5. all of the aforementioned punishments can be swapped by the perpetrator for a random punishment of the mods choosing, on a one-for-one basis. by this i mean, most infarctions will involve multiple punishment components, like the fee for mod time, fee per insult etc, fee for locked thread etc. you cant swap the lot for a random punishment. it allows the criminal user some leeway if they are short on cash or if they have a bout of eczema which would stop them from fondling me. random punishments might be that they will have to bear a stigmatizing title, avatar, or signature for a month, such as - 

"i insulted *username here* 5 times in an hour on *date here*, which is utterly disgusting and completely unacceptable. my lack of self control is abhorrent, i am deeply ashamed, and deserve to be." 

i might also prescribe that their avatar for the next month be a picture of a big dick or perhaps a tampon, you get the picture

6. there would generally be an emphasis on minimising INTRUSION ON MODERATORS TIME, because frankly i cant be bothered with everyones BS. any moderator found to be spending their time sifting through threads taking out the offensive bits and changing it all will be thrown to The Almighty Sarlacc. time intrusion would be minimised with firm use of bans, dick avatars, and really degrading signatures

7. im not getting paid enough for any more rules, just be glad you got this much for free. 


post-script: you dont deserve to live in the utopian age i would cultivate anyway.


----------



## harrison (Apr 14, 2012)

No


----------



## sajs (Jan 3, 2015)

Only if I can kick other moderators.


----------



## WillYouStopDave (Jul 14, 2013)

Surly Wurly said:


> if i was mod i would introduce a lot of new rules.
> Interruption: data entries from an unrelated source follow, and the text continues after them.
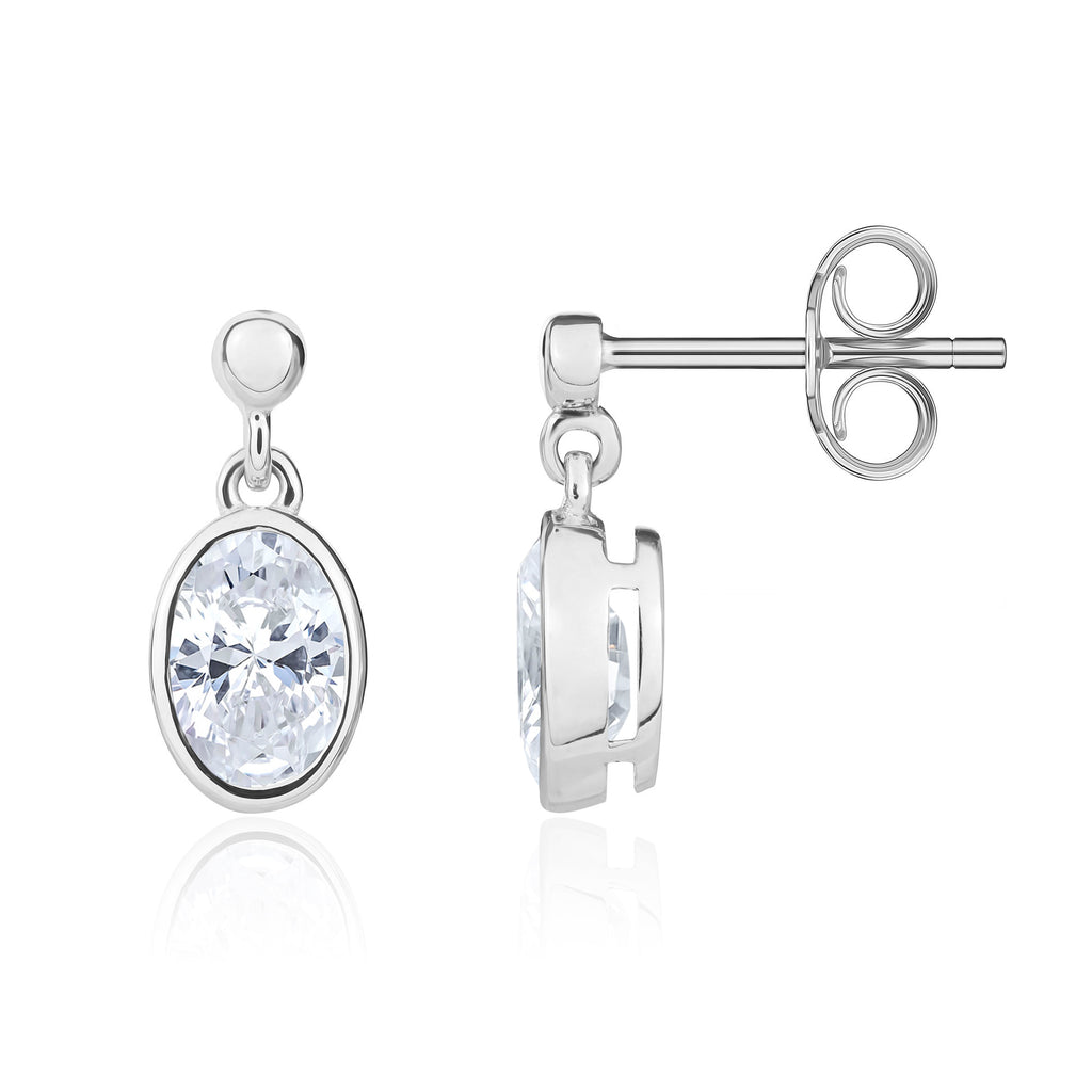 9CT White Gold Oval Shaped Cubic Zirconia CZ Drop Earrings 7x5mm
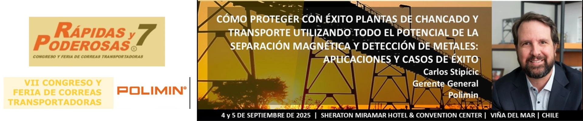 Durante los días 4 y 5 de septiembre se realizará el VII Congreso y feria de correas transportadoras “Rápidas y Poderosas 7” en Sheraton Miramar Hotel & Convention Center, Viña del Mar; organizado por Mentoris Congresos Técnicos el cual tiene como foco dar a conocer las últimas tecnologías y buenas prácticas para el diseño, operación y mantención de sistemas de transporte por correas.
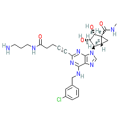 | SMILES | CNC(=O)[C@]12C[C@@H]1[C@@H](n1cnc3c(NCc4cccc(Cl)c4)nc(C#CCCC(=O)NCCCN)nc31)[C@H](O)[C@@H]2O |

 Mods don't make the rules though. At least I don't think they do. I'm pretty sure the admins are the ones who make all the final decisions about rules. The mods just enforce them if I have that right.


----------



## Surly Wurly (May 9, 2015)

WillYouStopDave said:


> Mods don't make the rules though. At least I don't think they do. *I'm pretty sure the admins are the ones who make all the final decisions about rules.* The mods just enforce them if I have that right.


and how do you suppose they would stop me from making new rules?


----------



## TuxedoChief (Jan 11, 2015)

I'd be constantly paranoid about what constitutes a rule break, and if I'm doing the job right. 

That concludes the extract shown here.